I’d love to tell you a miracle happened and I somehow managed to cross the 50k line and keep my streak going. It shouldn’t be a surprise it didn’t. There is some value, however, in letting this trend go.
When I first sought a writing community online after living in a “real world” silo once I left college, I tripped over Forward Motion. I found a writing home, made good friends, and advanced my writing focus several levels in a very short time. One of the ways I did the last was by signing up for challenges, most of which involved producing word count at that time.
I’ve been telling stories my whole life, and as soon as I could, I started writing them down. By the time I found Forward Motion, I had already written three full-length novels and several longer works in the 20k-35k range as well as a serious stack of short stories. I also had as many, if not more, unfinished projects of varying lengths. I discovered NaNo in late 2002 on one of the old style listservs that has long since closed, but I didn’t have enough notice even though the idea intrigued me.
My novels took 10+ years (80k), two weeks (60k), and two years (120k) respectively, so 50k in a month wasn’t impossible, but still a bit of a stretch. Once I joined Forward Motion the next year, though, I set word count goals that were both on par and more challenging than NaNo. Forward Motion also had a strong NaNo support environment and nothing encourages a challenge junkie more than others willing to run alongside.
Challenges are a wonderful way to push past barriers, leap over obstacles, and stretch your abilities. They’re also clear goals with a solid deadline. I don’t know if you’ve ever run into the concept of SMART goals (specific, measurable, attainable, realistic, and timely), but word count challenges are a perfect example.
Compare “write a novel” to “write 50k by November 30th.” Sure, the number can be intimidating, but it’s also concrete where a novel ranges from 40k to 400k or more. You can say, “I’ll write 1,000 words a day until I’m done,” but there’s no real sense of progress because you don’t know the true end-point (ignoring the many ways to come close to a hard metric).
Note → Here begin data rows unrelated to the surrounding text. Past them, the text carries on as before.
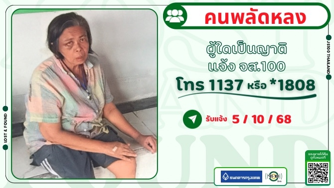 คนหาย ผู้ใดพบเห็นแจ้ง JS100 โทร *1808 หรือ 1137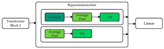 The reparameterization module, which consists of two branches, is inspired by methods used in other studies []. Branch 1 performs convolution, average pooling, and normalization operations to obtain the model’s distribution mean (). Branch 2 directly performs average pooling and layer normalization to obtain the distribution variance (). Through Gaussian reparameterization, the original features are reparametrized as embedded features with a Gaussian distribution.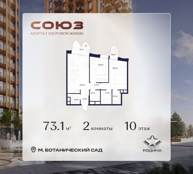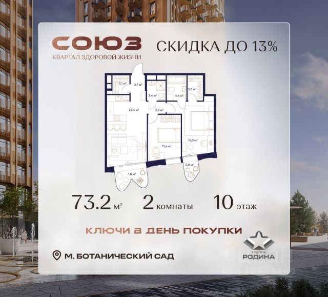 Готовые дома и ключи в день покупки Рассрочка 0% Продаётся 2-комнатная квартира площадью 73.2 м² на 10 этаже в Жилом Комплексе "Союз". Квартал здоровой жизни премиум-класса с рекордным количеством олимпийских видов спорта: - Ледовая арена для хоккея и фигурного катания, - Футбольные поля для тренировок, - Спортивный зал для фехтования, - Бассейн на 6 дорожек, - Центр единоборств, - 4 крытых площадки для настольного тенниса, - 7 теннисных кортов (крытых и открытых), - 4 крытых площадки для сквоша, - Легкоатлетический стадион, - Площадки для баскетбола и волейбола. Уникальные форматы квартир с мастер-спальнями, приватными террасами, балконами, а также пентхаусы с открыточными видами на город. Все квартиры продаются с отделкой Shell&Core и панорамным остеклением. Расположение Пешком: - 2 мин. до парка "Сад Будущего"; - 6 мин. до ст. м. ""Ботанический сад""; - 6 мин. до ст. МЦК ""Ботанический сад ""; - 6 мин. до парка "Леоновская роща"; На автомобиле: - 2 мин. до СВХ (МСД); - 5 мин. до Проспекта Мира; - 10 мин. до ТТК; - 15 мин. до Садового кольца; - 25 мин. до аэропорта ""Шереметьево"". Благоустройство - собственная спортивная инфраструктура 7 Га; - зона для пикников; - игровые и спортивные площадки для детей всех возрастов; - розарий, а также сосновые, каштановые и дубовые аллеи; - площадки под открытым небом для занятий спортом и йоги; - игровые комнаты для детей; - лаунж-зона для резидентов; - просторная переговорная для деловых встреч; - премиальный ресторан "Шабада" Сосо Павлиашвили с водными арт-объектами на прогулочной аллее, садом ароматных трав и сценой под открытым небом; - кафе, химчистки, аптеки и супермаркеты рядом с домом. Окружение - 8 парков: Сад Будущего, Леоновская роща, Хуамин, Главный ботанический сад РАН, Шереметьевская дубрава, Останкино, парк спорта "Яуза", пойма реки Яуза и музей-усадьба "Останкино"; - 3 ВУЗа: ВГИК, РГСУ, МГПУ; - 12 школ, в том числе: школа 1499 им. И.А. Докукина (топ 100), Brookes Moscow, IThub школа; - 18 детских садов, в том числе билингвальный ALERTUM KIDS; - один из крупнейших океанариумов Европы "Москвариум"; - один из крупнейших в Европе торгово-развлекательных центров "Европолис".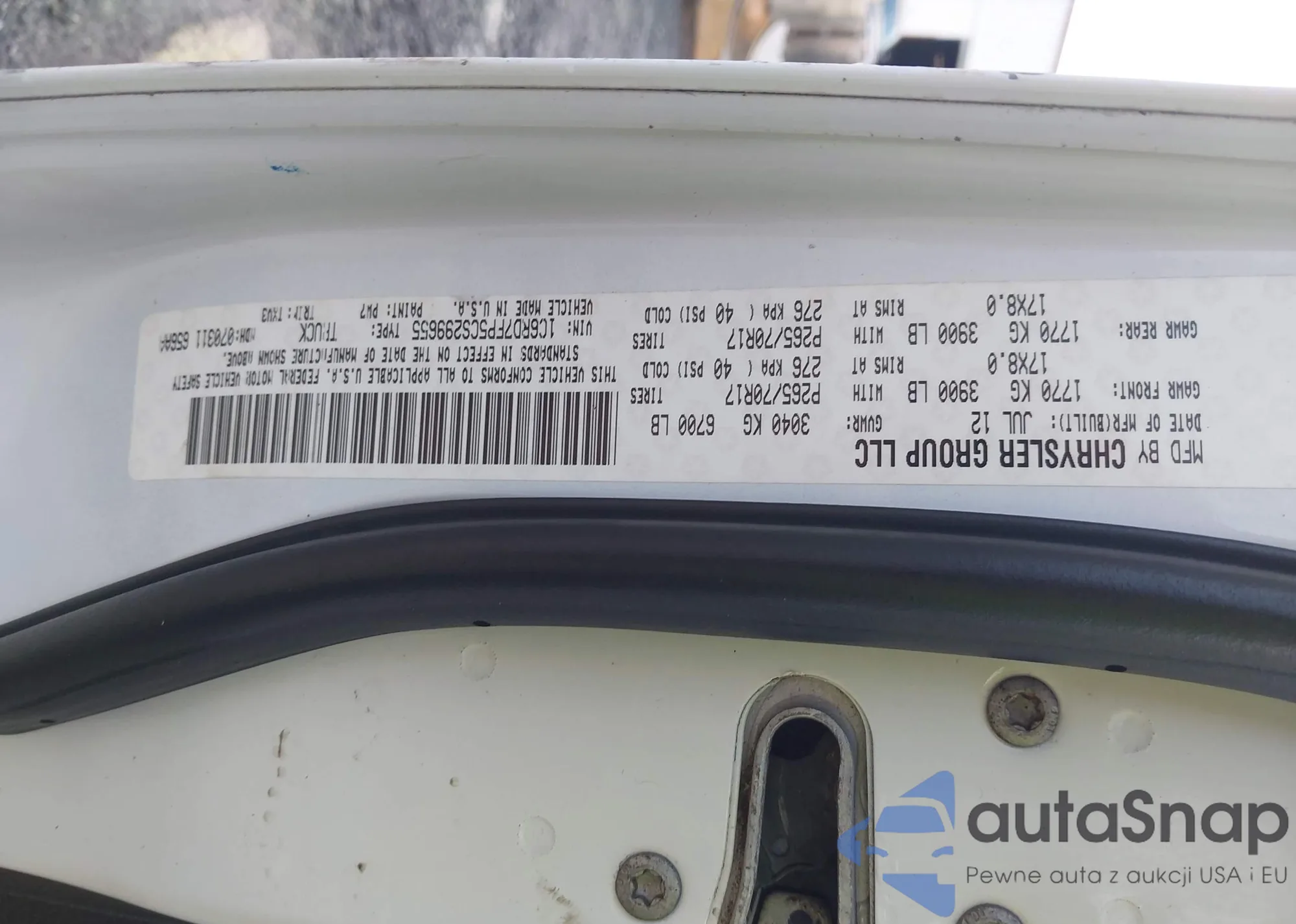 VIN: 1C6RD7FP5CS299655

Compare that to “Write 1,667 words every day of November and you win.” That’s not even considering the swag, special offers, or celebratory t-shirts.
At Forward Motion, I did a 48-hour 15k word count challenge every other weekend, monthly word count challenges, theme-driven challenges, three-day novels, and more. I collected pips to put in my signature and accumulated enough first drafts to drown me ;). NaNo became another piece in that challenge puzzle, and it’s the one that stuck. Every year, I’ve produced another rough draft in November to add to the pile.
Somewhere along the way, my priorities shifted from rough drafts to editing, submitting, and even publishing. Sure, there were many challenges to help boost those as well. For example, I started the edit marathon running opposite the bi-weekly word count marathon on Forward Motion, I joined monthly edit challenges, and NaNo even added CampNaNo that support editing.
The problem is that editing doesn’t align as easily to a challenge structure.
Counting new words is easy. When editing, do you count every word deleted, every word added, the difference between the initial word count and the end word count, or half a dozen other possibilities? The push to produce is complicated if it makes spending the time to edit well less important than reaching for some arbitrary time/stat goal. Edits don’t make for SMART goals because you have to be flexible and ready to discover the changes required are easier or harder than expected.
If you’re working from beta reader comments, you should contemplate what the comment meant and whether the offered suggestion is viable for more than just illustrating what the reader was trying to point out. You might end up realizing a third of the way through that one character is unnecessary or should be combined with another. You might discover your main character is flat, especially compared to the antagonist.
There are too many levels to contemplate. While finishing an edit in a reasonable amount of time, and even to a deadline, is certainly possible, being driven by that ticking clock is just as likely to distract you from the depth to be found in your work.
Nor is the problem just with editing where challenges are concerned.
Challenges have more than just a deadline. They have a starting point, too, an arbitrary date set whether or not you’re ready.
Would my NaNo have gone differently had I been able to re-read Destiny’s Path beforehand and craft a strong outline? Absolutely. If I’d managed the preparations, I might even have met my word count goal. But to get the outline done, I would have had to turn my attention from Apprentice, for which I already had beta readers waiting and am straining the patience of my readers.
Since I became an indie publisher, I have dropped out of most of the challenges except NaNo, which I used to produce one of the 2-3 novels I needed to write each year. It worked really well for The Steamship Chronicles’ early novels as they were between 50k and 60k, but with my science fiction and Regency romances, I ended up with a partial novel and a bad case of burnout. Usually December is without creativity except on the smallest scale.
We’ll see whether I come back charging next year or if I accept my NaNo trend has run its course, but I’m not counting myself out just yet. After all, I have three more novels to write for The Steamship Chronicles, and a sweet romance series that’s shorter. Nor am I accepting the post-NaNo slump this year. I’ve already written two days out of four. Sure, it’s not every day, but it’s a lot more than none, adding 706 words to 23,414.
Here are my final stats. In a rare twist, this year the NaNo validator added a whole 22 words (22,730). Historically, it cuts anything from five to over 200 words, so that was a pleasant surprise.